**SOURCE DATA**
##########

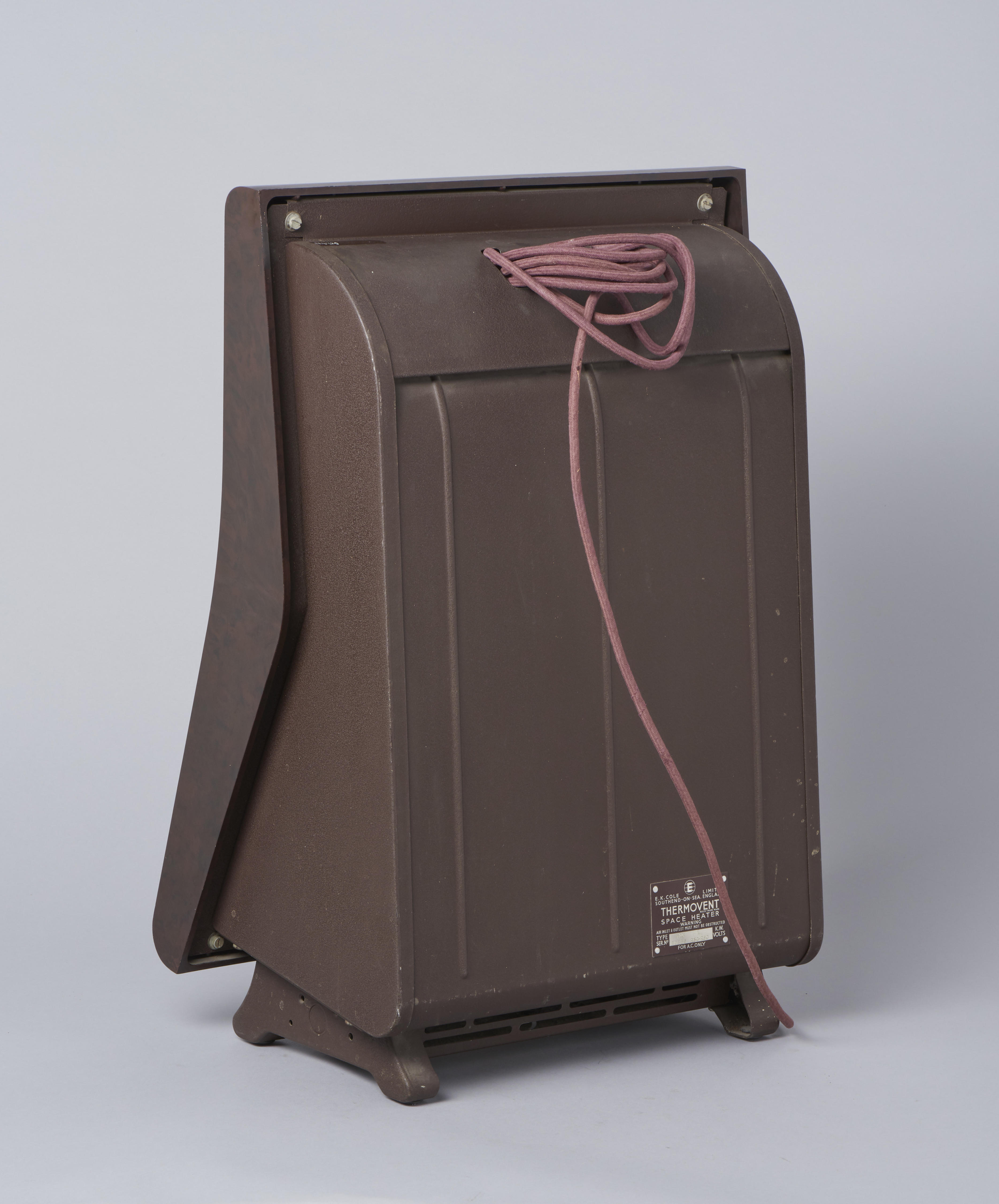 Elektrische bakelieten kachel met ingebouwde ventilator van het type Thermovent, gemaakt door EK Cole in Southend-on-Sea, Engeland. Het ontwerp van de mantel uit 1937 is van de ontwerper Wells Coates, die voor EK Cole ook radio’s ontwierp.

##########

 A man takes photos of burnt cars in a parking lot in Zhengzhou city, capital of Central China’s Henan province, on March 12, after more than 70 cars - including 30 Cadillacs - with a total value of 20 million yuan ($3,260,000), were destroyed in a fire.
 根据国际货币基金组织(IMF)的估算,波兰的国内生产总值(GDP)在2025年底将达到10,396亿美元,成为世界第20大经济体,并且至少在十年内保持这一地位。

##########

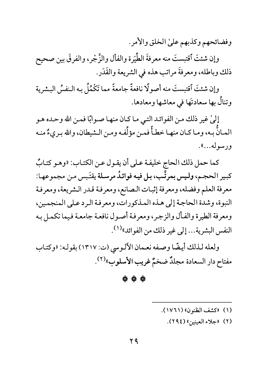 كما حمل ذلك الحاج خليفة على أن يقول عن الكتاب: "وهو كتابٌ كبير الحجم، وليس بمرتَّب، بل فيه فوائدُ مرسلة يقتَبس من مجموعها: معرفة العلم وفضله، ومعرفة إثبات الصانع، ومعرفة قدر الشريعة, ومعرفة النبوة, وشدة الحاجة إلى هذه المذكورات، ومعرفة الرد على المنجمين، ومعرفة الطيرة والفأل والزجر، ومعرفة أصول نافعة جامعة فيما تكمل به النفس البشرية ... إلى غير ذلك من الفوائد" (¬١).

##########

The expected output is exactly the lines of the listing above between the line holding "A man takes" and the line holding "根据国际货币基金组织(IMF", inclusive.

 A man takes photos of burnt cars in a parking lot in Zhengzhou city, capital of Central China’s Henan province, on March 12, after more than 70 cars - including 30 Cadillacs - with a total value of 20 million yuan ($3,260,000), were destroyed in a fire.
 根据国际货币基金组织(IMF)的估算,波兰的国内生产总值(GDP)在2025年底将达到10,396亿美元,成为世界第20大经济体,并且至少在十年内保持这一地位。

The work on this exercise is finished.